I am a masochist. I eroticize pain. I participate in a sexual-erotic relationship as the masochistic bottom partner with a sadistic top. He likes to inflict pain, and so we are well matched. The dance that we engage in together works to our mutual gratification. I get regularly spanked, flogged, caned, paddled, strapped, and whipped. It is a sexual practice that is likely not for everyone, but it takes me places that I cannot get to in any other way. I reach heights of humming, roaring ecstasy that are beyond my reach without this particular kind of power play. I don’t prescribe it for others, and I never impose it on others. I am careful about consent. However, in a world that assumes that people all engage in a particular sort of “normal” sexual relating, to not acknowledge and honor my own sexual expression is a kind of amputation that I will not tolerate any longer.


I also live within a polyamorous family. There are three of us. Tom and Teresa are legally married to each other. I am divorced; no longer married, but firmly committed and connected to the two of them. We love one another. Ours is a family, no different in most ways than any other. We own a home together, we manage our finances together, we eat together, cook together, handle the household chores together, support one another in times of health crises, work around one another’s schedules… just do the things that families do. We are not looking for other partners, so we are more closed than some poly families, and we are all straight, so we “love” one another in the ways that work best between the different ones of us, but we DO love one another.
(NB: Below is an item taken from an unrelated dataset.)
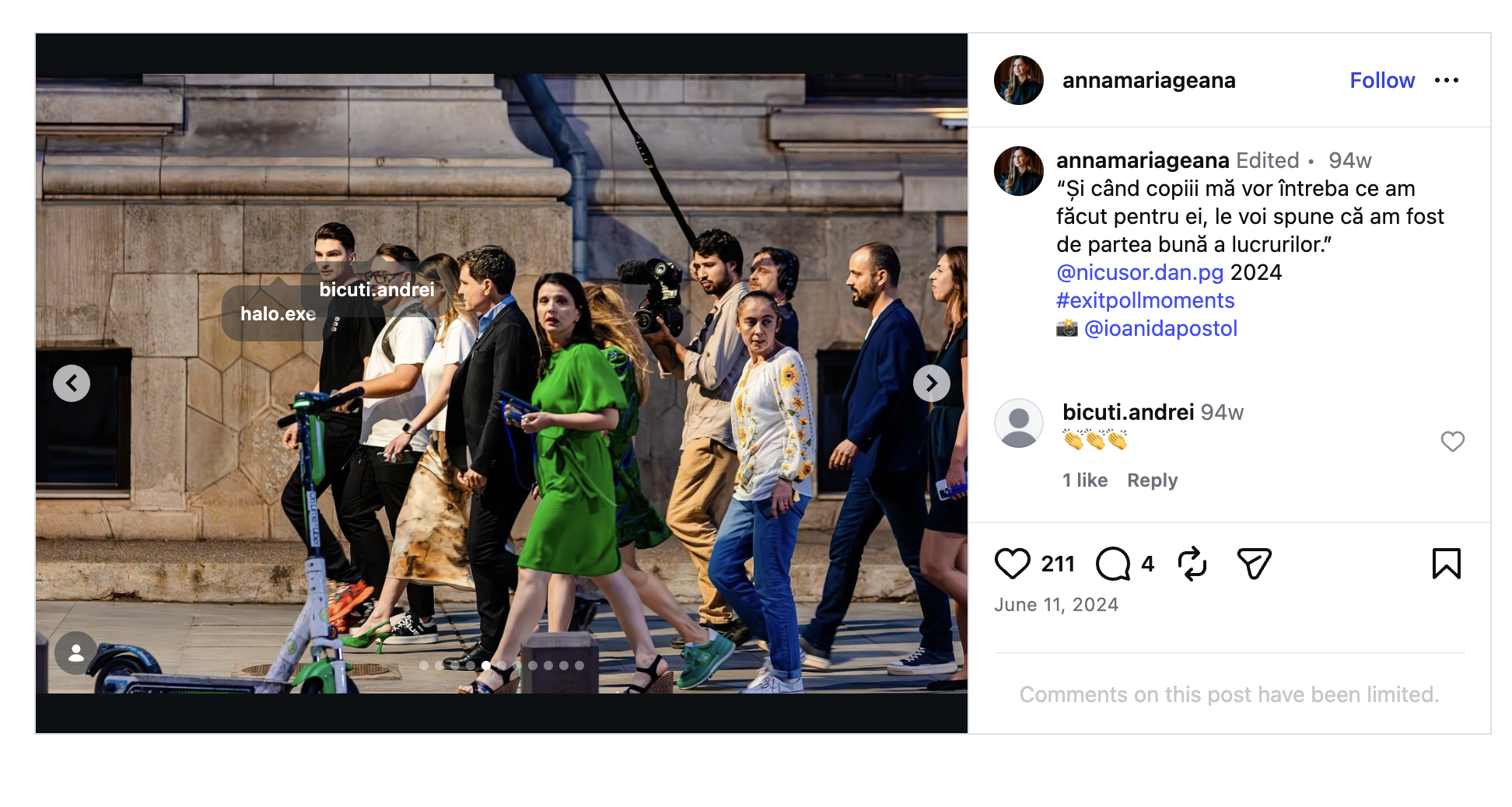 În fotografii, alături de Nicușor Dan, apar Diana Iancu/ fostă Lazăr, Mihai Cojocaru, Andrei Bicuți, consiliera Ana Maria Geană și Matei Păun, la momentul exit pollurilor din 9 iunie 2024, când actualul președinte a câștigat al doilea mandat de primar al Bucureștiului.

So, yeah. I am not exactly that Catholic school teacher lady with her cats that I projected for all those years. I am a bit more alternative than it might have appeared to those who sat in my classrooms back in the day. I have no idea how that might land, but I am ready to live out here in the world. I am completely comfortable with who I have come to be. There is no need to ask for anyone’s approval. I am always happy for the friendship of those who offer it, and glad to offer it in return to those who might find it of some value, but I will not hide any longer. Let it be what it truly is.